Além de um questionário, as pessoas que participaram do
estudo também foram entrevistadas pelos pesquisadores. Em algumas entrevistas,
servidores do Itamaraty relataram casos de agressão e descrença em relação à
capacidade do órgão em lidar com as denúncias que eventualmente são feitas
pelos funcionários.
Um embaixador uma vez me disse: Sabe quem eu sou aqui no
posto (representação diplomática no no exterior)? Eu sou Deus , disse um
funcionário.
Uma funcionária relatou assédio durante o período de
amamentação de seu filho. Uma vez a chefia de uma assessoria pediu que eu
desmamasse meu filho pra trabalhar , contou.

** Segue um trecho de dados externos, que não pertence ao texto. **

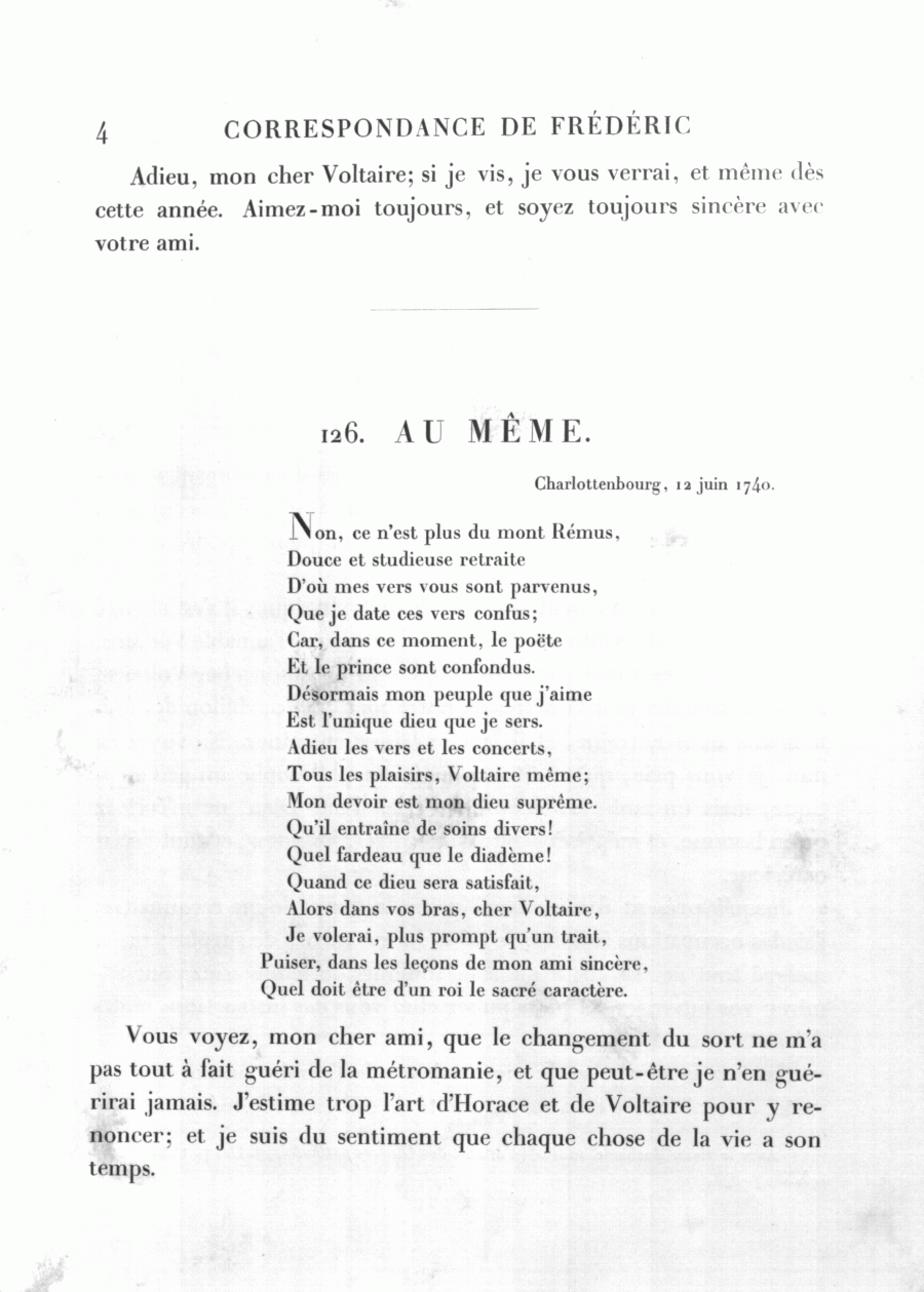 <4>Adieu, mon cher Voltaire; si je vis, je vous verrai, et même dès cette année. Aimez-moi toujours, et soyez toujours sincère avec votre ami.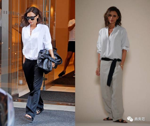 但是下面的阔腿裤+平底凉鞋。上下身比例已经变成5:5,感觉维多利亚已经弃掉腰线。

Alguns funcionários entrevistados relataram que além de o
Itamaraty não ter uma cultura de apuração de denúncias de assédio moral,
pessoas que desafiam esse quadro são vítimas de retaliação.

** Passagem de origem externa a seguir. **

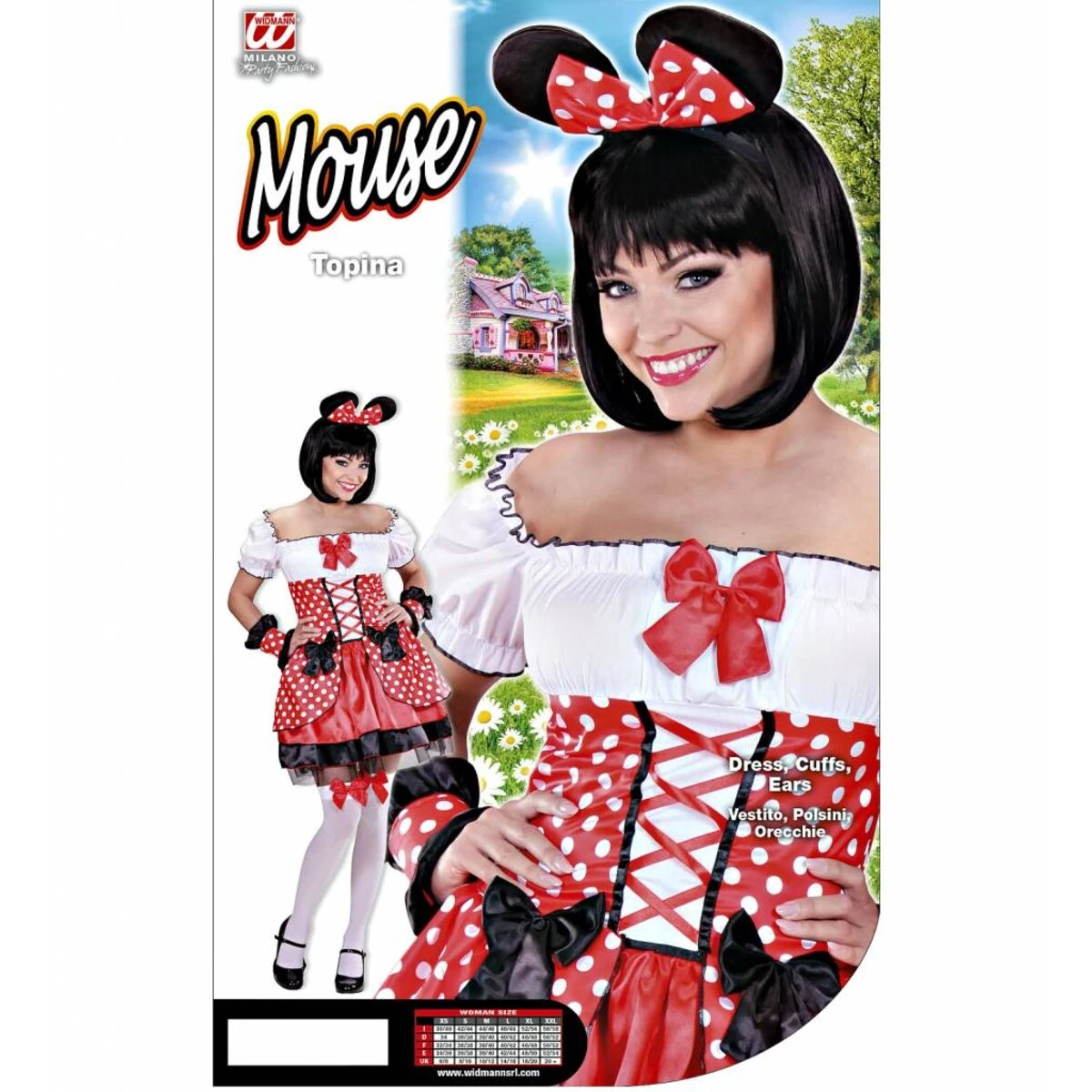 Muisje rood wordt geleverd met de volgende artikelen: jurk, manchetten, oren.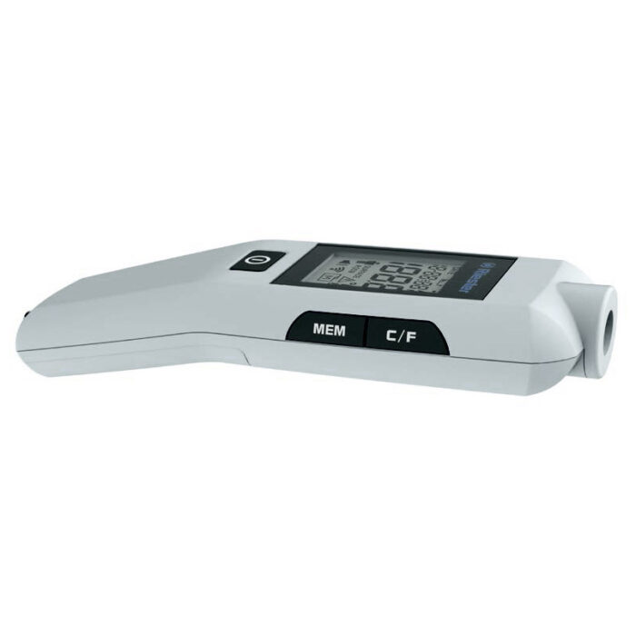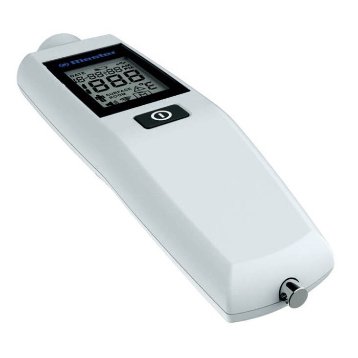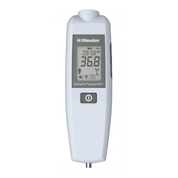 The Riester ri-thermo® sensioPRO+ non-contact, infrared thermometer, when speed and minimising cross contamination has never been so critical. It features clinical grade temperature measurements, with a single button operation. Reading forehead temperature measurements calibrated to an oral reference. Optimized for the professional. Measure the difference!

Outra funcionária tentou convencer uma colega que relatou
ter sido vítima de assédio moral a registrar uma denúncia na Delegacia da
Mulher, mas a vítima se recusou por medo de possíveis retaliações.
Eu falei [para colega que se queixou de assédio]: bora na
delegacia da mulher agora [...] Isso é assédio moral, violência de gênero, isso
é agressão e a gente vai fazer o corpo de delito agora. Eu vou com você. E ela
disse: Não, mas eu não posso ir. Eu perguntei: você está louca? Não pode ir por
que? Ela me respondeu assim: Porque [se] eu vou, eu vou ficar na geladeira ,
disse.
Em nota, o Itamaraty afirmou ter conhecimento sobre os
resultados da pesquisa, que está aberto ao diálogo sobre o assunto e que
repudia atos de assédio moral.
A Administração do Ministério mantém diálogo aberto, fluido
e constante com os representantes do Sinditamaraty sobre temas relacionados com
o funcionamento desta Instituição, inclusive os aspectos tratados na pesquisa ,
diz um trecho da nota.
Em outro trecho, o MRE diz que repudia todo ato que cause
danos físicos, psicológicos ou sociais a seus funcionários e reitera a
preocupação em aprimorar políticas e práticas institucionais de prevenção e
promoção da saúde mental dos integrantes do Ministério.